- DATASET EXCERPT
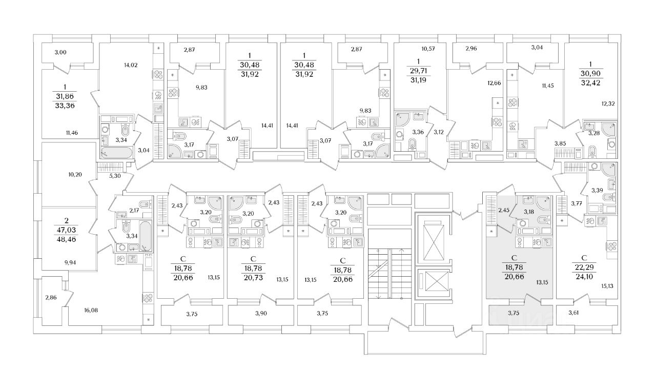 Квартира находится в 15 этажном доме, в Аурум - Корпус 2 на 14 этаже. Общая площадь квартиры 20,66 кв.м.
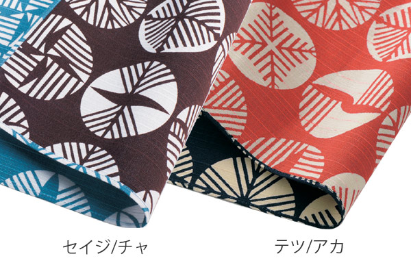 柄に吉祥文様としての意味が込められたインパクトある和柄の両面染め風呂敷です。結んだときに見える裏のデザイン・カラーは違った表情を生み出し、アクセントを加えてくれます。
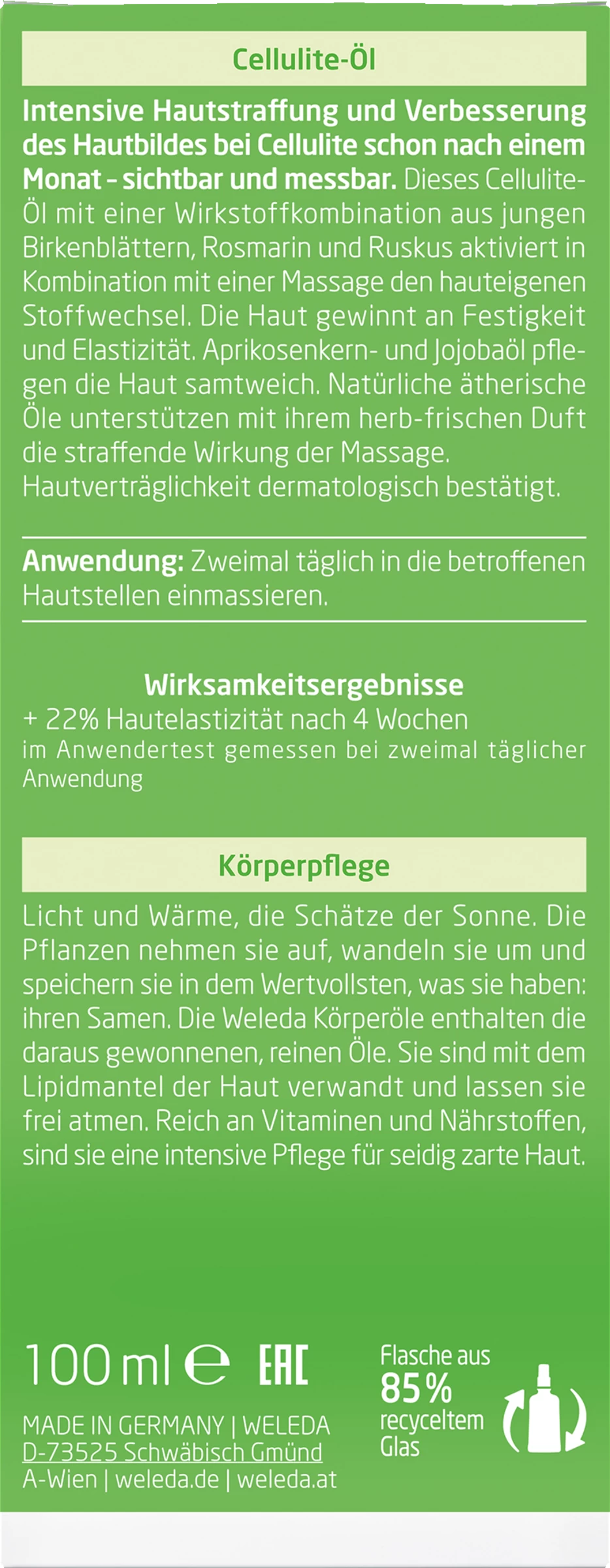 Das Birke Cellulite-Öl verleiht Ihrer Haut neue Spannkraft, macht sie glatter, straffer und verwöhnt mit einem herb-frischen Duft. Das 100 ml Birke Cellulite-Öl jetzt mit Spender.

- WORK REQUIRED
Beginning with the line in which "柄に吉祥文様としての意味が込" appears, repeat exactly each line down to the close of the material, leaving every picture out.

- SOLUTION FOR THIS TASK
 柄に吉祥文様としての意味が込められたインパクトある和柄の両面染め風呂敷です。結んだときに見える裏のデザイン・カラーは違った表情を生み出し、アクセントを加えてくれます。
 Das Birke Cellulite-Öl verleiht Ihrer Haut neue Spannkraft, macht sie glatter, straffer und verwöhnt mit einem herb-frischen Duft. Das 100 ml Birke Cellulite-Öl jetzt mit Spender.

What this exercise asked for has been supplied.